-- Input data follows --
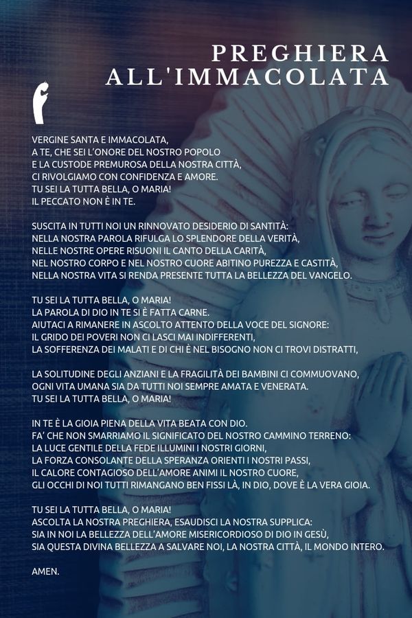 La Vergine Santa, così premurosa nei tuoi riguardi, si degni di benedire questa mia fatica scolastica, così che per mezzo di essa io possa ricompensare i sacrifici dei miei genitori e aprirmi ad un servizio più attento più qualificato verso i fratelli.
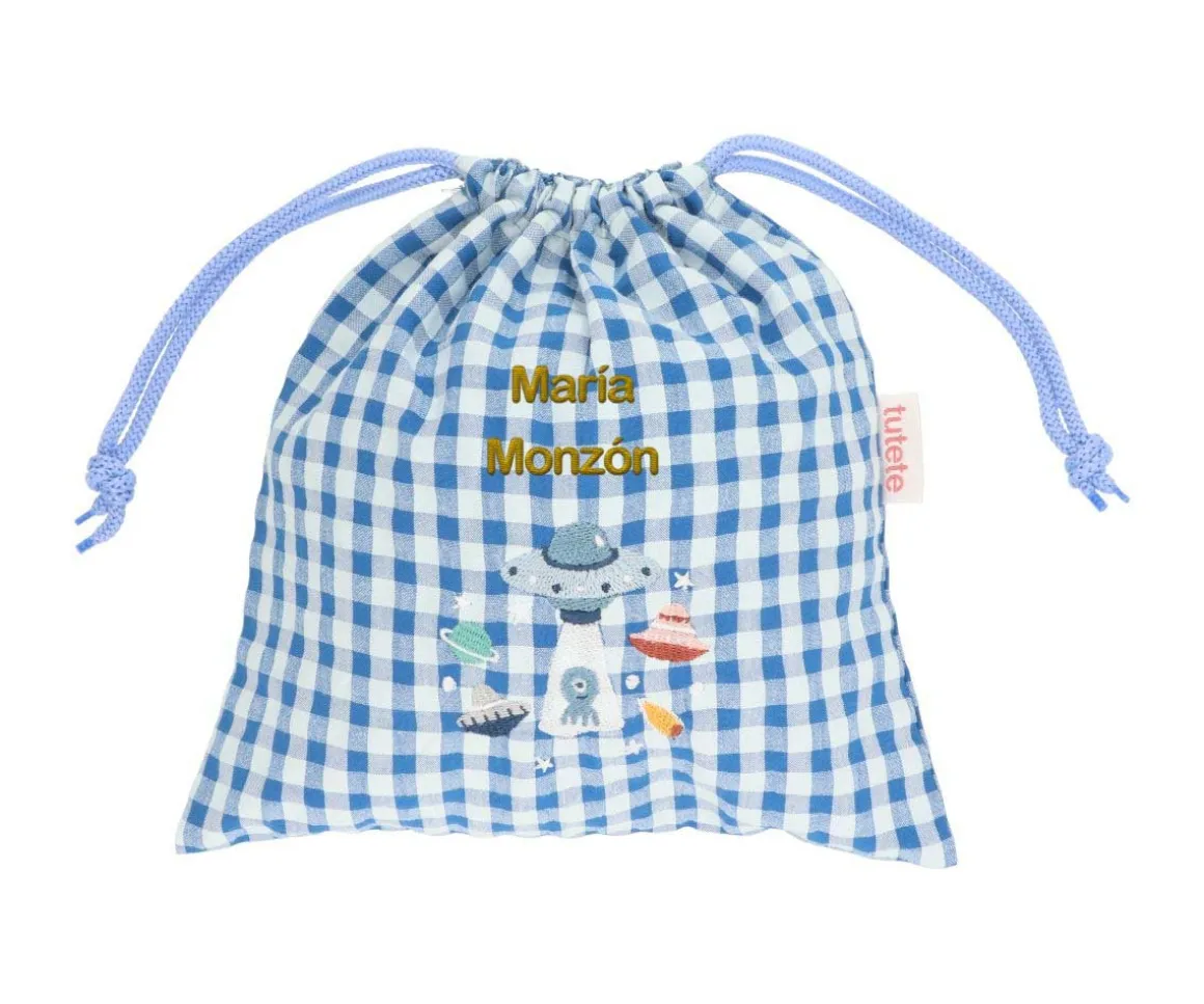 Bolsa merienda de nueva colección, con los diseños exclusivos de Tutete bordados. Es irresistible para llevar el almuerzo al cole.
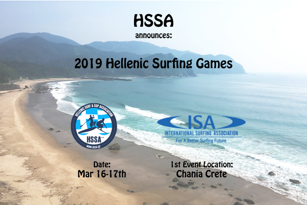 Το Σαββατοκύριακο 16-17 Μαρτίου θα πραγματοποιηθεί στα Χανιά Κρήτης, και συγκεκριμένα στην παραλία της Παλαιοχώρας, η πρώτη εκδήλωση της Πανελλήνιας Ένωσης Όρθιας Σανιδοκωπηλασίας & Κυματολίσθησης (ΠΑΝ.Ε.Ο.Σ.Κ.) / Hellenic Surf & SUP  Association (HSSA), με σκοπό την ανάδειξη των τριών Ελλήνων αθλητών/τριών που θα κερδίσουν το δικαίωμα συμμετοχής, βάσει βαθμολογίας, στα ISA World Surfing Games, στην Ιαπωνία.
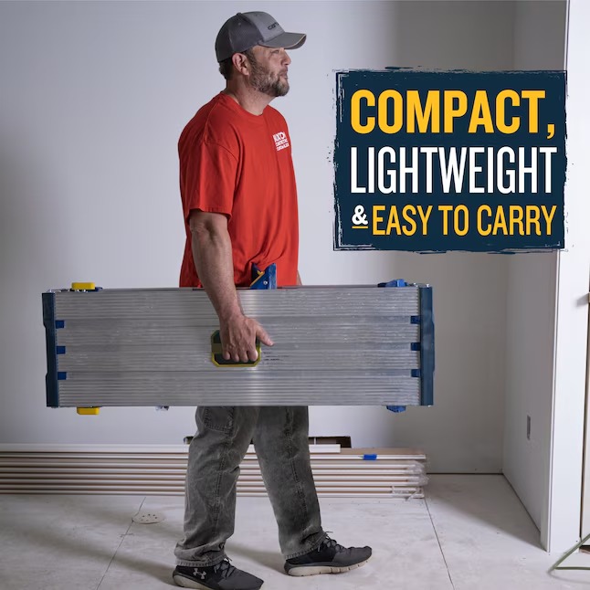 - The compact size, light weight, and EASY-GRAB handles make it simple to carry your work platform quickly and safely
-- Input data concluded --
Task goal:
Reproduce the material exactly; omit the pictures.

Completed exercise:
 La Vergine Santa, così premurosa nei tuoi riguardi, si degni di benedire questa mia fatica scolastica, così che per mezzo di essa io possa ricompensare i sacrifici dei miei genitori e aprirmi ad un servizio più attento più qualificato verso i fratelli.
 Bolsa merienda de nueva colección, con los diseños exclusivos de Tutete bordados. Es irresistible para llevar el almuerzo al cole.
 Το Σαββατοκύριακο 16-17 Μαρτίου θα πραγματοποιηθεί στα Χανιά Κρήτης, και συγκεκριμένα στην παραλία της Παλαιοχώρας, η πρώτη εκδήλωση της Πανελλήνιας Ένωσης Όρθιας Σανιδοκωπηλασίας & Κυματολίσθησης (ΠΑΝ.Ε.Ο.Σ.Κ.) / Hellenic Surf & SUP  Association (HSSA), με σκοπό την ανάδειξη των τριών Ελλήνων αθλητών/τριών που θα κερδίσουν το δικαίωμα συμμετοχής, βάσει βαθμολογίας, στα ISA World Surfing Games, στην Ιαπωνία.
 - The compact size, light weight, and EASY-GRAB handles make it simple to carry your work platform quickly and safely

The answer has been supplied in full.